我正在喀拉拉邦写一篇LSTM,可以检测评论的毒性。我在X
上训练模型。我在X上所做的操作
1。
max_features = 2000
tokenizer = Tokenizer(num_words=max_features)
tokenizer.fit_on_texts(data.values)
2。
dictionary = tokenizer.word_index
3。
with open('wordindex.json', 'w') as dictionary_file:
json.dump(dictionary , dictionary_file)
4。
X = tokenizer.texts_to_sequences(data.values)
X = pad_sequences(X)
最终X
的形状为(1396,)
。
我在这些课程上训练了模型
list_classes = ["toxic", "severe_toxic", "obscene", "threat", "insult", "identity_hate"]
y = train[list_classes].values
模型经过训练后,我尝试在输入中对其进行测试。
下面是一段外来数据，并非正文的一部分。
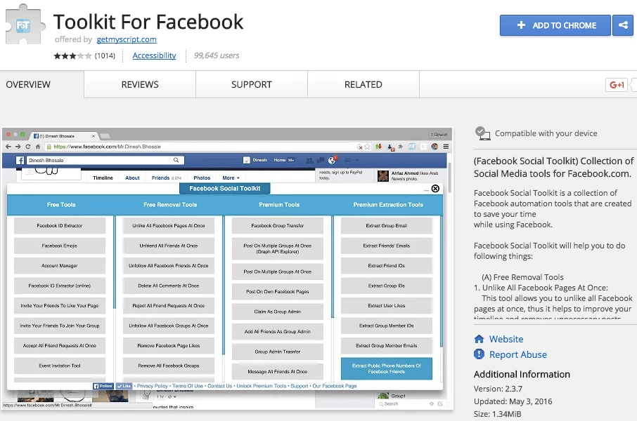 Cài đặt tiện ích Toolkit for Facebook. Ảnh: MH
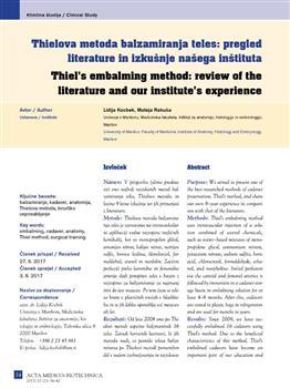 Kocbek, Lidija, Rakuša, Mateja (2017). Thiel's embalming method.
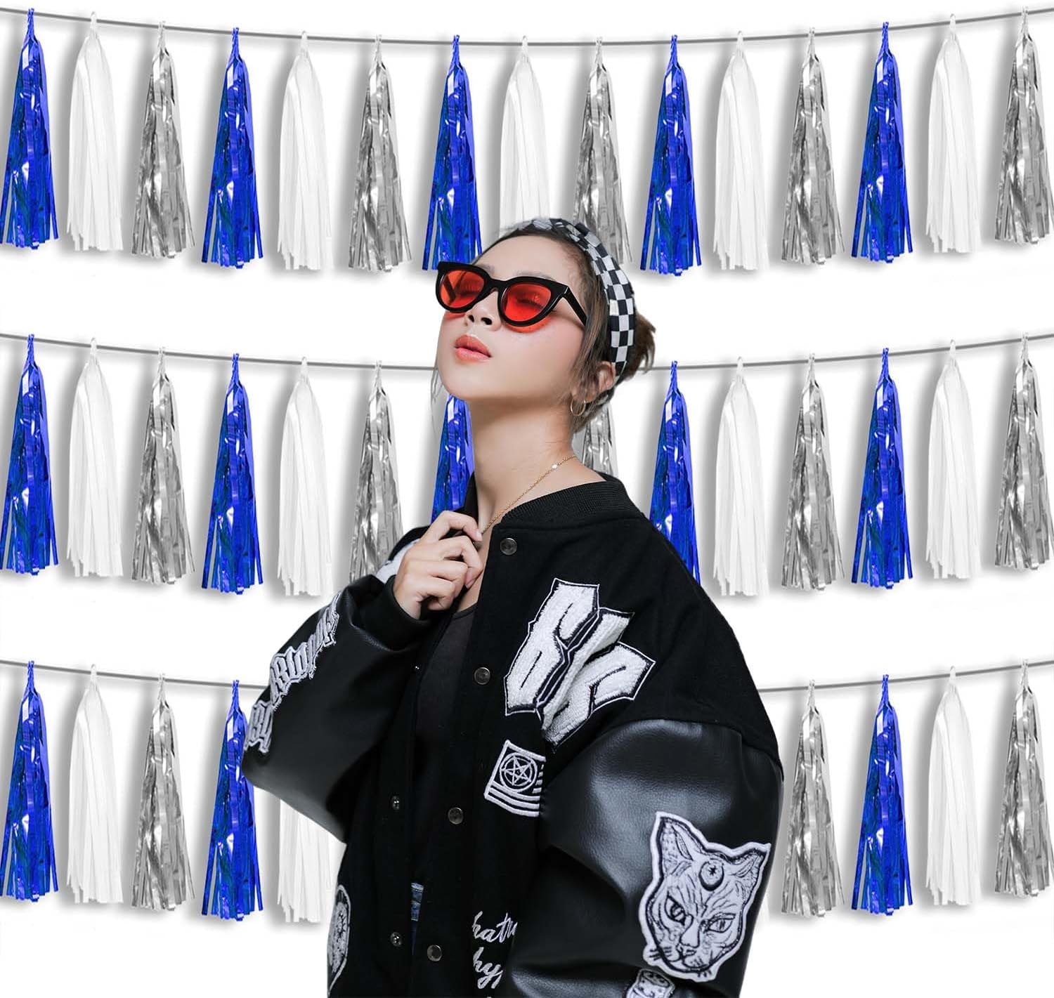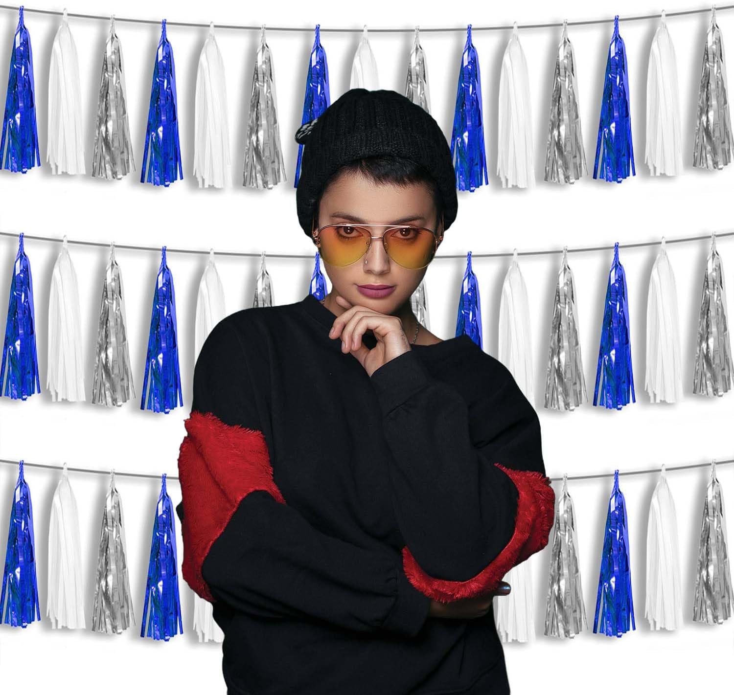 - 【Package Includes】The total length of the navy blue white silver birthday tassels banner is 30 feet, divided into 3 strips, each 10 feet long. Each banner contains 15 tassels, and each tassel measures 14 inches, for birthday decorations many occasions uitable for Patriotic display, Homecoming Float, Christmas Float, ecorative metal trailers, graduation floats etc
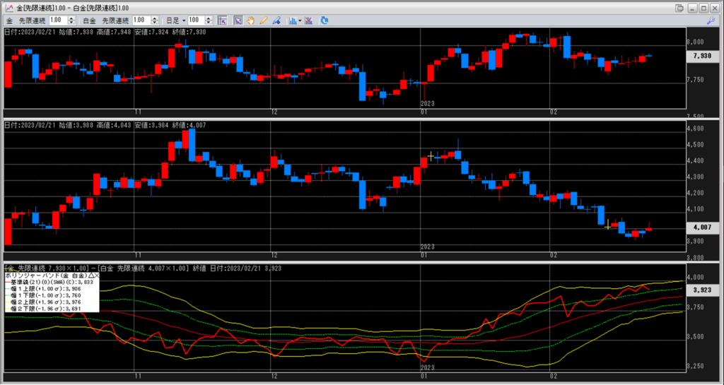 金白金の鞘をボリンジャーバンドで見ていきます。

我为转换输入pred = 'f you'
而执行的步骤。
dictionary = json.load(open('wordindex.json'))
def convert_text_to_index_array(text):
# one really important thing that `text_to_word_sequence` does
# is make all texts the same length -- in this case, the length
# of the longest text in the set.
wordvec=[]
for word in kpt.text_to_word_sequence(text) :
if word in dictionary:
wordvec.append([dictionary[word]])
else:
wordvec.append([0])
return wordvec
pred=convert_text_to_index_array(pred)
当我print(model.predict(pred))
时。我得到一个输出ValueError: Error when checking model input: the list of Numpy arrays that you are passing to your model is not the size the model expected. Expected to see 1 array(s), but instead got the following list of 2 arrays: [array([[129]]), array([[6]])]...
当我尝试查看掠食者的形状时,出现错误:
print(pred.shape)
AttributeError: 'list' object has no attribute 'shape'
我真的很沮丧,因为看起来我的pred
是一维的。 array([[129]]),array([[6]])]是我在json文件中编码的单词,但是为什么它们在单独的数组中?